Once upon a time, I was a lineup complainer. The lineup would be posted each day at 4pm-ish and I’d complain about it. So and so is hitting too low, this guy is hitting too high, why is bench player flavor of the week not playing, that sort of stuff. A few times a year the Yankees would play the “ideal” lineup. Otherwise it was the same story, day after day. The lineup stinks and I was Mad Online.
I’ve outgrown that, thankfully. Daily lineup complaints are no way to go through life. As long as Joe Girardi doesn’t do something crazy like bat his best hitter ninth (which he never does and would never do), whatever lineup he runs out there is fine with me. So this post shouldn’t construed as me complaining about the lineup. This is more of a rational discussion about the batting order nearly one-third of the way through the season.
For the most part, I think we can all agree on one thing regarding the lineup: Brett Gardner should lead off, and Chase Headley and Chris Carter should bat eighth and ninth, really in either order. I guess that’s three things. Anyway, that stuff is straight forward. Gardner is, yet again, one of the team’s best on-base players and count-workers. Headley and Carter have been terrible and should get the fewest at-bats. Simple, right? Right.
The few spots beyond Gardner are what I really want to discuss. This is my ideal top of the lineup right now, given the available personnel:
- LF Brett Gardner
- CF Aaron Hicks
- RF Aaron Judge
The three outfielders, left to right. Gary Sanchez has been hitting second most of the season and I am totally cool with that. It works for me. Sanchez has looked a little jumpy at the plate the last few days, but I’m not worried. Hitters go through their ups and downs. Sanchez is one of the team’s best hitters, so by all means, hit him second. Josh Donaldson and Kris Bryant won MVPs hitting second in recent years. Power hitters can hit there too.

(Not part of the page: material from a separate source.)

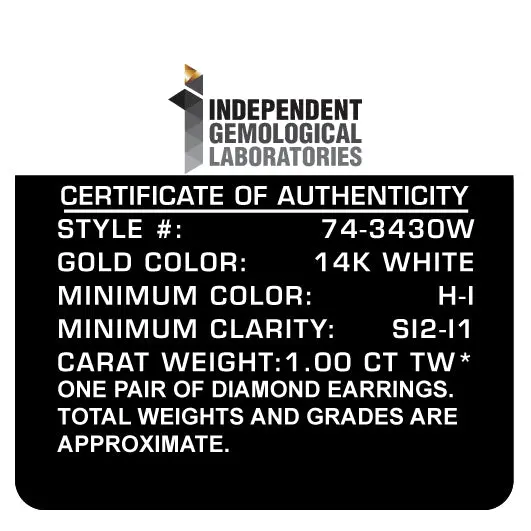 Be the first to review “14K White Gold 1.00 Cttw Round Brilliant-Cut Near Colorless Diamond Classic 4-Prong Stud Earrings (H-I Color, I1-I2 Clarity)”

That said, I like Hicks hitting second over Sanchez right now because, well, Hicks has been the better hitter this season. The better overall hitter and, more importantly, the better on-base threat. Hicks has a .426 OBP this year. Sanchez has a .356 OBP. That’s still good! But it’s not .426. Batting Hicks second means more runners on base for Judge, who has inarguably been the Yankees’ best hitter this season.
Judge started the season hitting lower in the lineup and understandably so, but he’s forced his way up, and now he is in entrenched as the No. 5 hitter. Moving Judge up even further to the No. 3 spot means more at-bats. More at-bats over the course of the season, and a better chance to get Judge that one extra at-bat in an individual game. Through 48 team games the No. 3 spot has 14 more plate appearances than the No. 5 spot for the Yankees. That’s 14 more times Judge would have come to the plate in the late innings. It’s not nothing!
We’re not splitting atoms here. Hicks (.426), Judge (.419), and Gardner (.363) have the three highest OBPs on the Yankees. They make fewer outs than anyone else. Judge is also one of the game’s top power threats. Batting Gardner and Hicks first and second is, by far, the best way to get men on base for Judge. Batting these three atop the lineup also means they get the most at-bats, therefore giving the Yankees more chances to score.
Going with Gardner-Hicks-Judge atop the lineup and Headley-Carter at the bottom leaves you Sanchez, Starlin Castro, Matt Holliday, and Didi Gregorius for the 4-5-6-7 spots. What’s the best way to order them? I’m not sure there’s a wrong answer. I’d prefer hitting Sanchez fourth because I think he’s most likely to be an impact bat the rest of the season, but if you said the same thing about Castro or Holliday, I wouldn’t argue (much).
The important thing, as far as I’m concerned, is getting Judge more at-bats because because the guy is a monster, and the more he plays, the better the Yankees’ chances to win. Jacoby Ellsbury’s concussion — Girardi said yesterday Ellsbury is still experiencing headaches, so he remains shut down indefinitely — ensures Hicks will be in the lineup everyday, and as long as he’s hitting like this, Hicks is the perfect No. 2 hitter. On-base ability, power, speed, switch-hitter, the whole nine. Perfect.
The lineup almost seems to write itself from there. Gardner leads off, Hicks hits second, Judge hits third. Your two best on-base players and your most devastating hitter. Sanchez, Holliday, Castro, and Gregorius add quality lineup depth through the No. 7 spot too. I get why Girardi hits Sanchez second, Holliday third, and Castro fourth. I do. But nearly 50 games into the season, it’s the clear the more Aaron Judge hits with men on base, the better. The lineup should be built in such a way that maximizes those opportunities.